*** Block opens ***
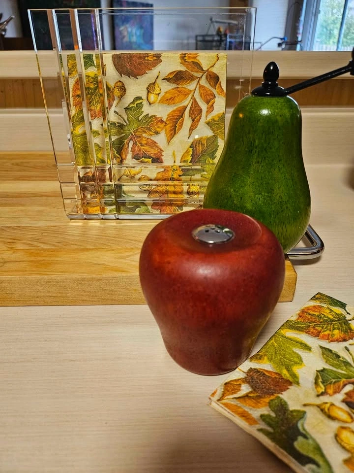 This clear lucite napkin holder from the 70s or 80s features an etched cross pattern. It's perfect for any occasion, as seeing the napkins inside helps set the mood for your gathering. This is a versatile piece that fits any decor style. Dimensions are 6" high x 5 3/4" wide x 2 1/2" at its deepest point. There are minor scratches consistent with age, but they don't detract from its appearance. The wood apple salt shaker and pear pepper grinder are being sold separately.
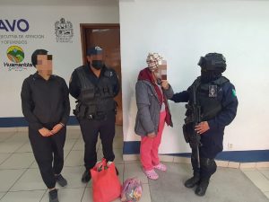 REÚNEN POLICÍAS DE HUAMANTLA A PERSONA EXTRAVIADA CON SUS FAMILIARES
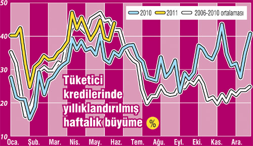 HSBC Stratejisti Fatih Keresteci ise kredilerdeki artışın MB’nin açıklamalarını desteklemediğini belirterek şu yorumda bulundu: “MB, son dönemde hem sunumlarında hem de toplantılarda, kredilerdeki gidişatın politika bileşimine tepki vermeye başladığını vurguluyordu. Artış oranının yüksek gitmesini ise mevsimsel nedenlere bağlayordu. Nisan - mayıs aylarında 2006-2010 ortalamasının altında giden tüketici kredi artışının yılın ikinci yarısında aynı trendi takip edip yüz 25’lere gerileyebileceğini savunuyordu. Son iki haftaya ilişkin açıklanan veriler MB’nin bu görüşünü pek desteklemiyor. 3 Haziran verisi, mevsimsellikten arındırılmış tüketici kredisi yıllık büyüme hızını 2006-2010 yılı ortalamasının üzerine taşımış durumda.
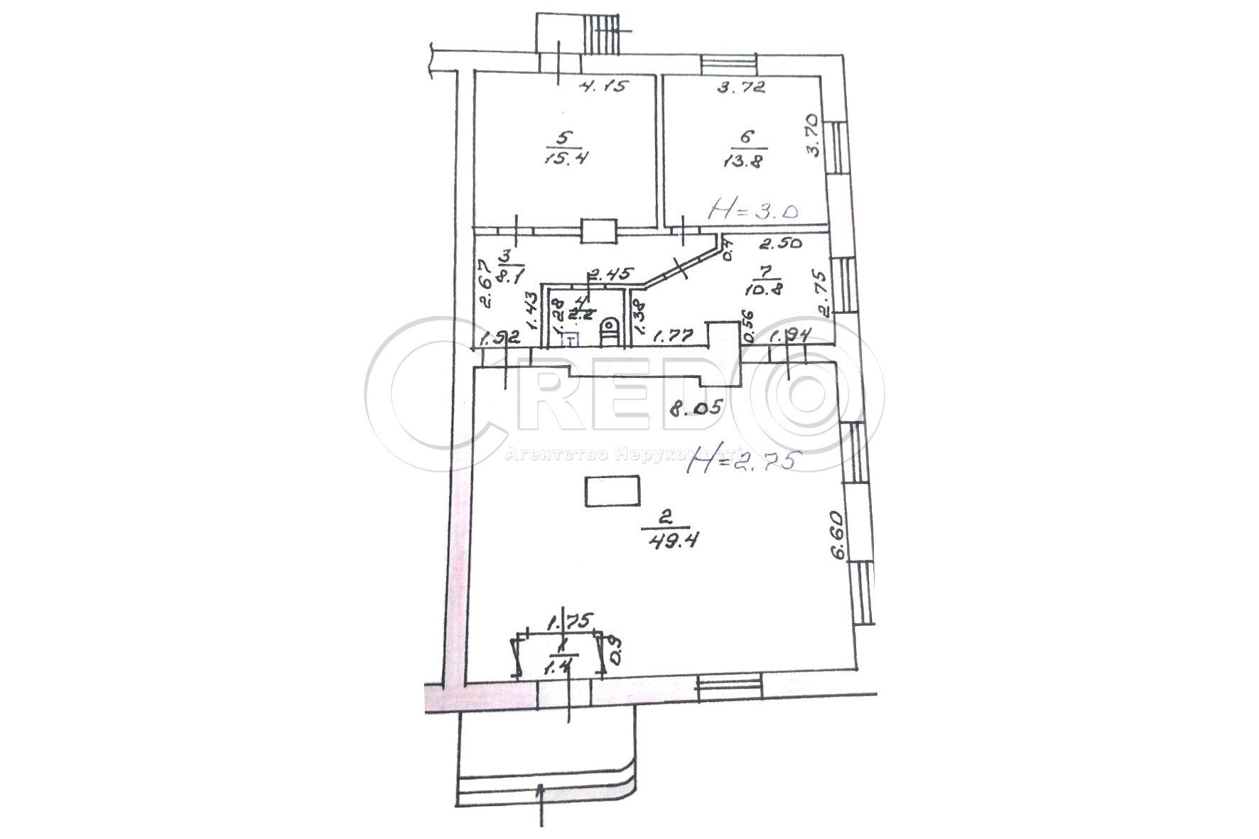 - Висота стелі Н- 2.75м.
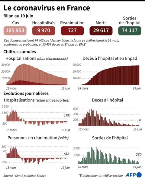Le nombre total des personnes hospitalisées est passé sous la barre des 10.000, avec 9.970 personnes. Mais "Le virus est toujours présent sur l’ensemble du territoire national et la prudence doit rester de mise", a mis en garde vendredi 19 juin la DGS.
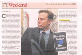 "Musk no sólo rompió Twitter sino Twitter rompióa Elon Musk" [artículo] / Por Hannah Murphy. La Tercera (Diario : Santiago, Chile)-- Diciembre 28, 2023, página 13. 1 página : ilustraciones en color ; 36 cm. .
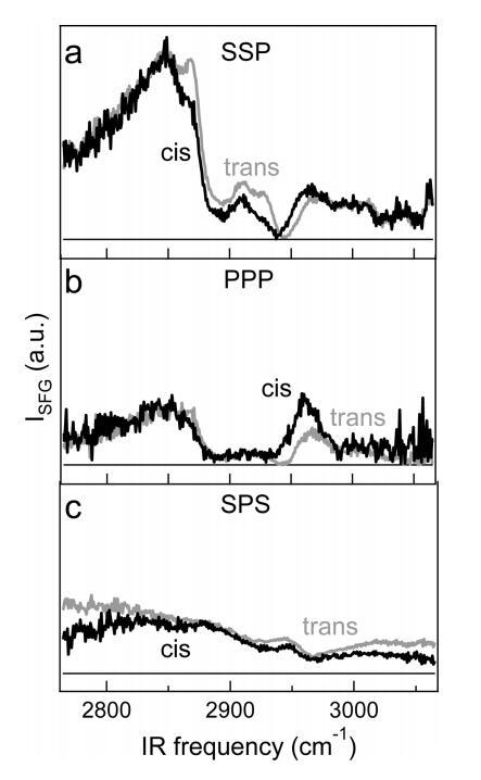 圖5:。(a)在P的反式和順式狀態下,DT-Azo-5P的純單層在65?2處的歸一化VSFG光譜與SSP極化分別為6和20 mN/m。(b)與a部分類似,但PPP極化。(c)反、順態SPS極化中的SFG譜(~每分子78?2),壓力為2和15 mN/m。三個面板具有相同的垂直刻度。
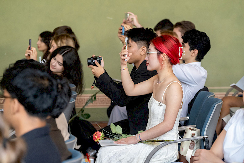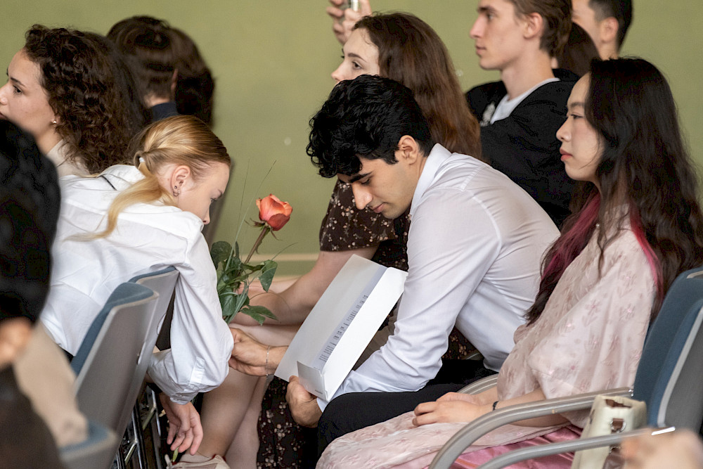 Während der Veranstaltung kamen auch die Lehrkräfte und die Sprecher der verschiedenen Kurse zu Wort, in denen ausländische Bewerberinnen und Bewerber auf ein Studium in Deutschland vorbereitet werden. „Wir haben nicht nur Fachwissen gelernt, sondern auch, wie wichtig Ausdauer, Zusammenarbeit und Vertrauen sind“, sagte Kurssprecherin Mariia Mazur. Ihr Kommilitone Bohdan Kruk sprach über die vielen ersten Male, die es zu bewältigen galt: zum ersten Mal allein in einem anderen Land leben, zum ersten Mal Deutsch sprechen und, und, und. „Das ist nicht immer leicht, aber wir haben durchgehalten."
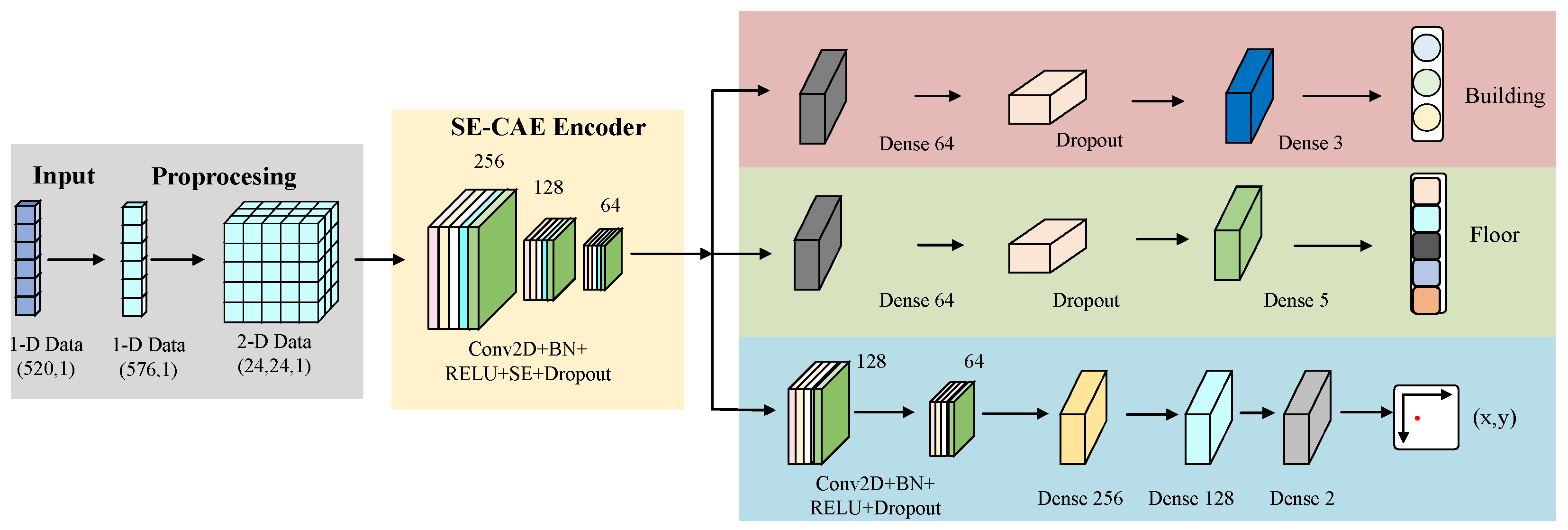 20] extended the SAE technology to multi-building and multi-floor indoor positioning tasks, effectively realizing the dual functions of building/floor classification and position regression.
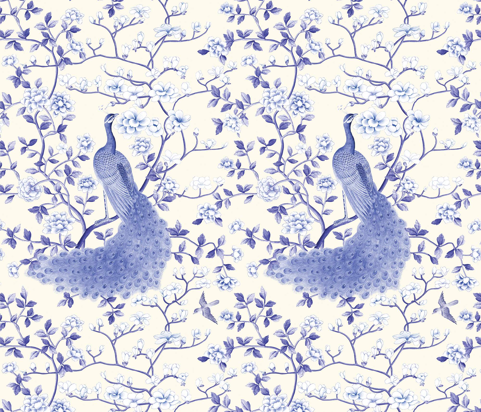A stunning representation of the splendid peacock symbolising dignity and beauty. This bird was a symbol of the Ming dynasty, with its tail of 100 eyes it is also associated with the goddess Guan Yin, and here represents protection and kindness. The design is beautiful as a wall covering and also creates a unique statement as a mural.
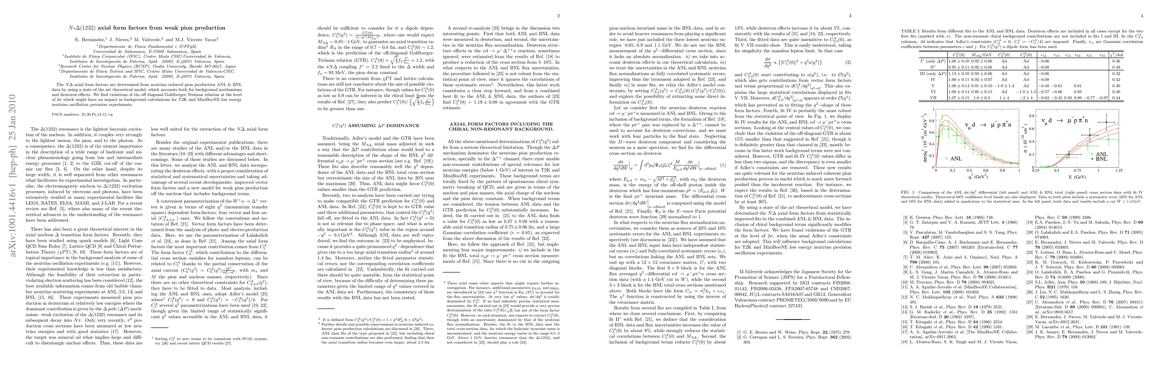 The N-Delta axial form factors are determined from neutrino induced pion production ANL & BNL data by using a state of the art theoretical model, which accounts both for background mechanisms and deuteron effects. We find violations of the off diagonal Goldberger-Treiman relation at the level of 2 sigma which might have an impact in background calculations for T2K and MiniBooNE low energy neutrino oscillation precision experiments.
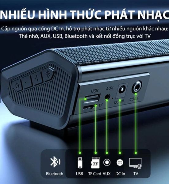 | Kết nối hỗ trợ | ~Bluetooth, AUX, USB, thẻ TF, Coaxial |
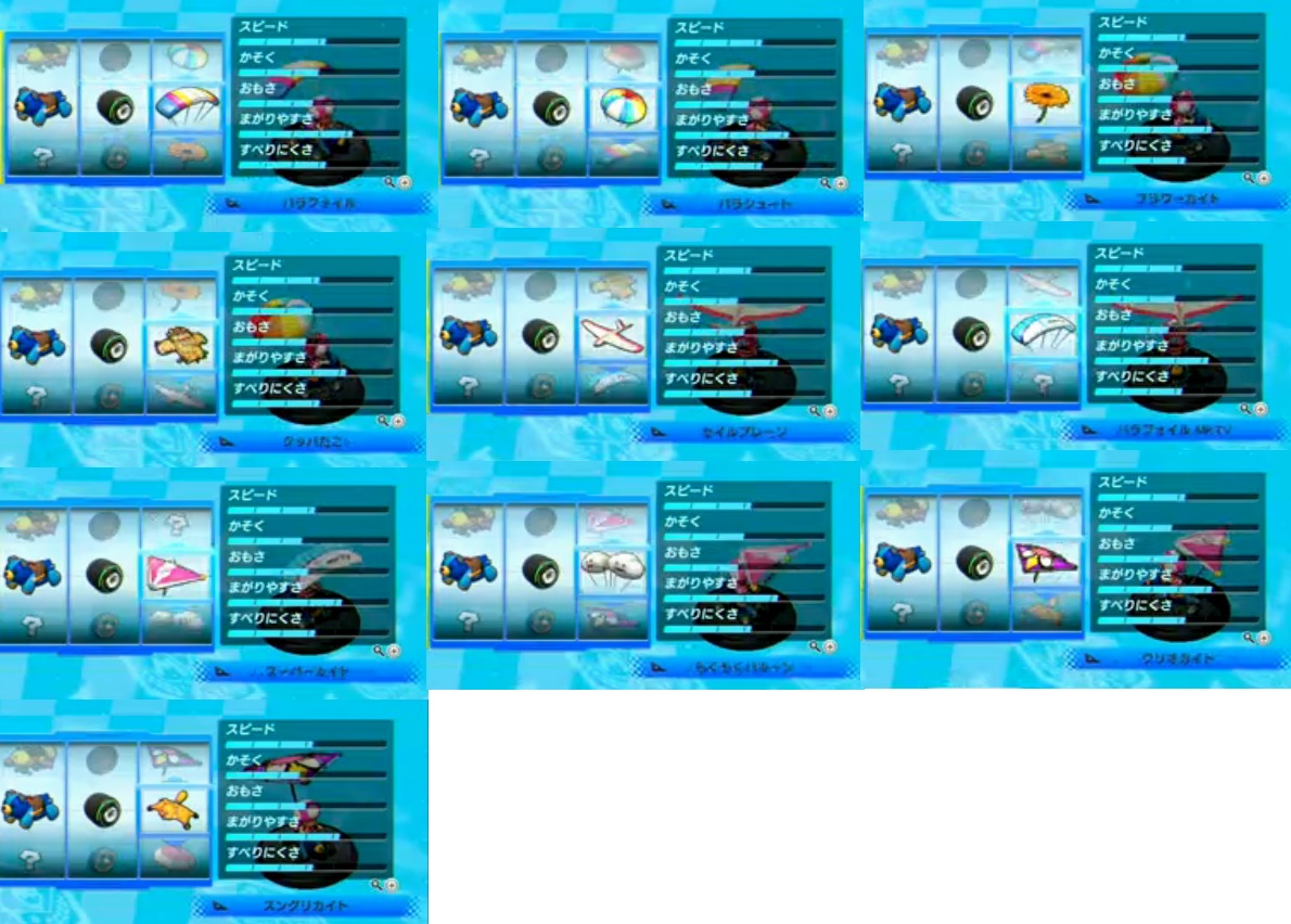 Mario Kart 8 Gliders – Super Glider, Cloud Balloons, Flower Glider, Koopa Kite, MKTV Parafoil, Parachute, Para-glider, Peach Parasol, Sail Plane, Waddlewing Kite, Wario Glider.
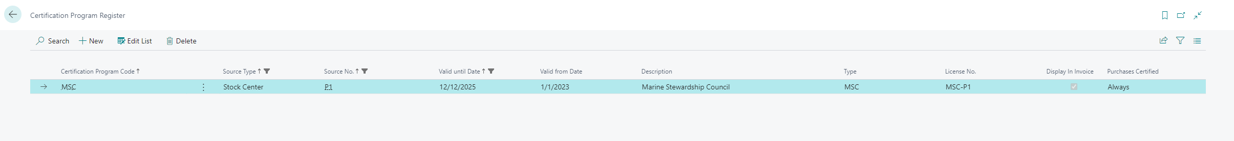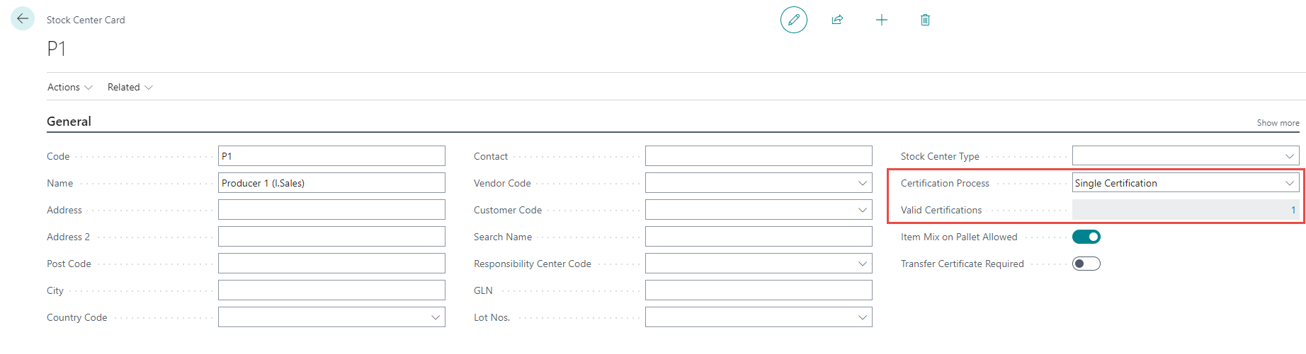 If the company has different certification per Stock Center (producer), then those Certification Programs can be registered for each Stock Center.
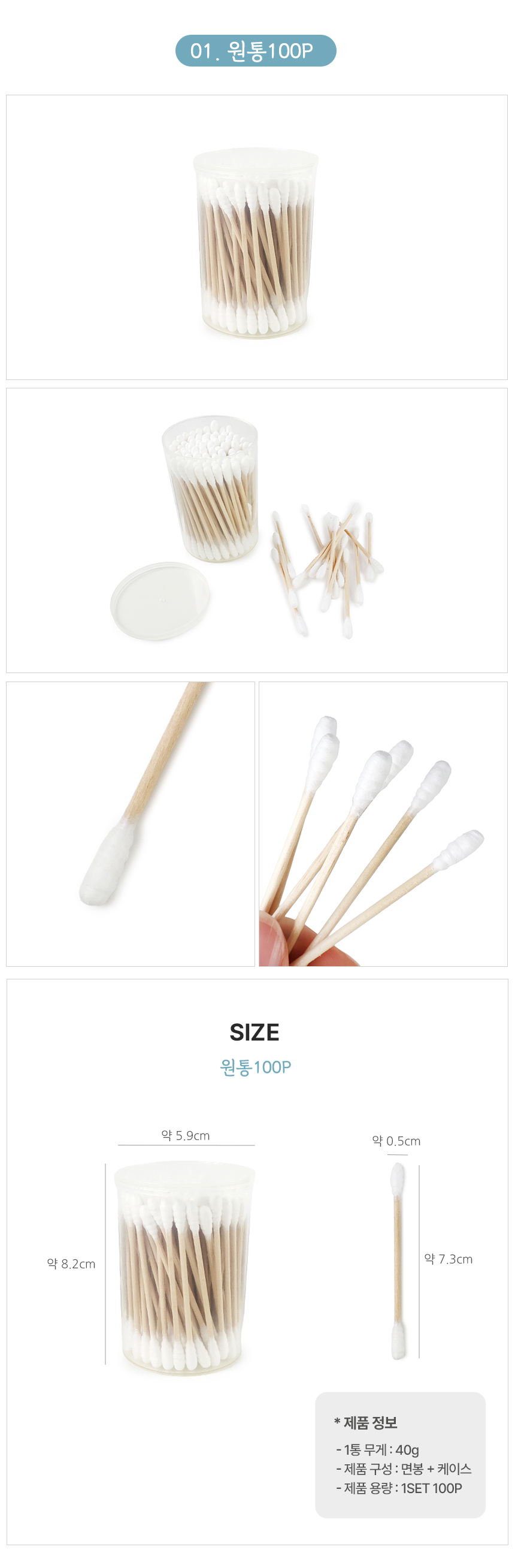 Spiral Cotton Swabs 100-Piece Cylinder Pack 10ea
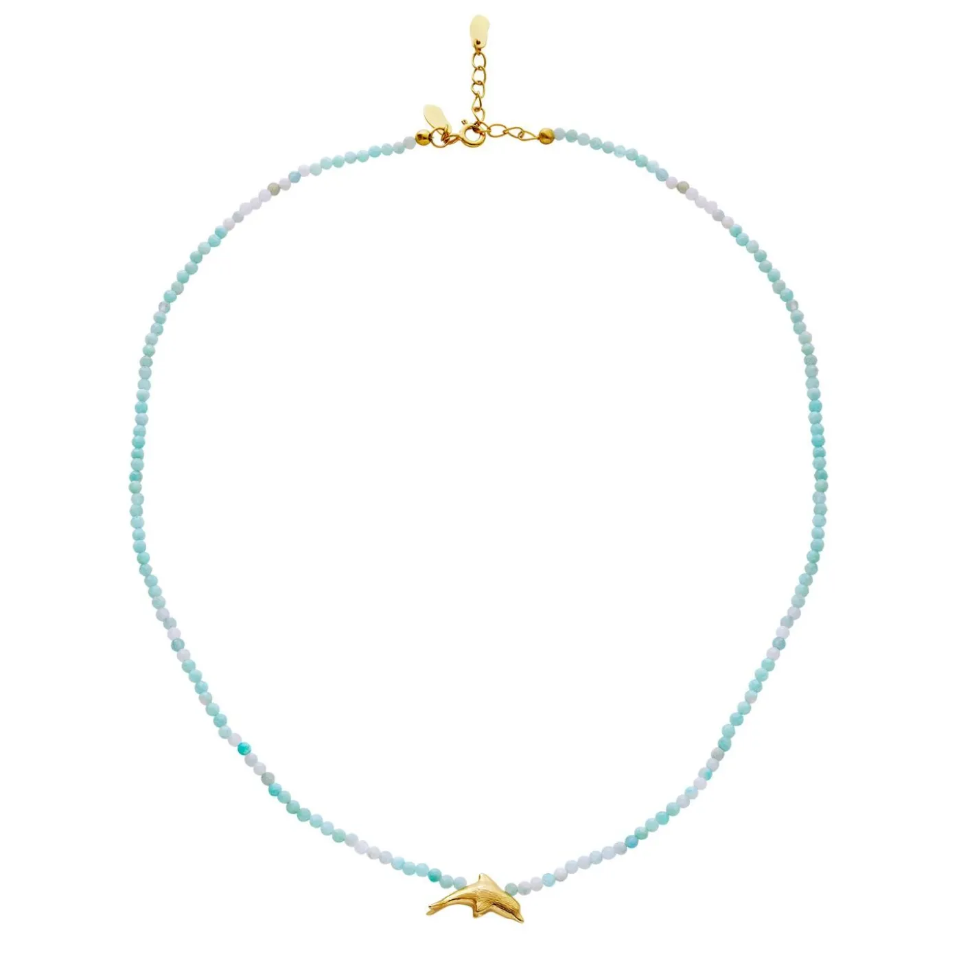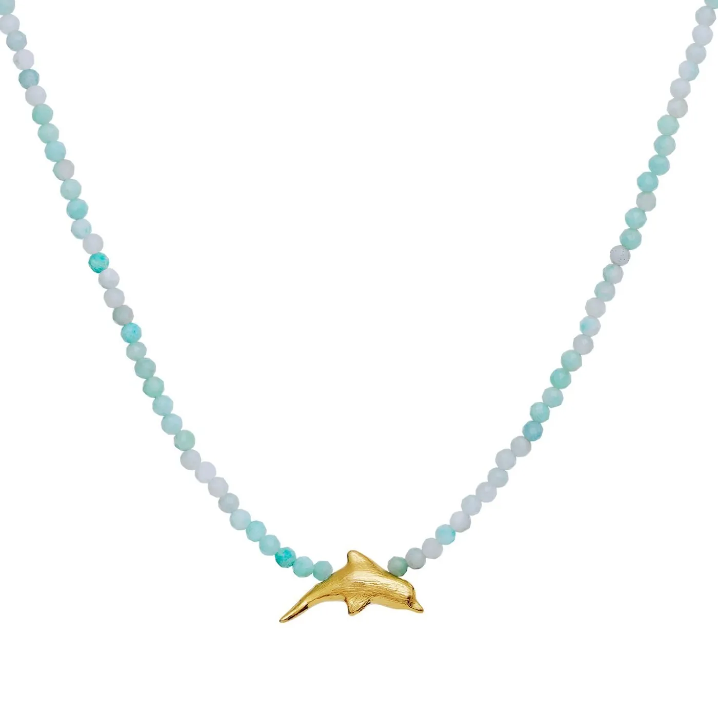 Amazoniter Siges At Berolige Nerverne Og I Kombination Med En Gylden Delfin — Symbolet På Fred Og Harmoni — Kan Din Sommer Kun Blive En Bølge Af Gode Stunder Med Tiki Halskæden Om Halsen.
*** Block closes ***
The copy has to start at the line that contains "TF, Coaxial |" and end at the last line of the material above, matching the original exactly and holding no pictures.

 | Kết nối hỗ trợ | ~Bluetooth, AUX, USB, thẻ TF, Coaxial |
 Mario Kart 8 Gliders – Super Glider, Cloud Balloons, Flower Glider, Koopa Kite, MKTV Parafoil, Parachute, Para-glider, Peach Parasol, Sail Plane, Waddlewing Kite, Wario Glider.
 If the company has different certification per Stock Center (producer), then those Certification Programs can be registered for each Stock Center.
 Spiral Cotton Swabs 100-Piece Cylinder Pack 10ea
 Amazoniter Siges At Berolige Nerverne Og I Kombination Med En Gylden Delfin — Symbolet På Fred Og Harmoni — Kan Din Sommer Kun Blive En Bølge Af Gode Stunder Med Tiki Halskæden Om Halsen.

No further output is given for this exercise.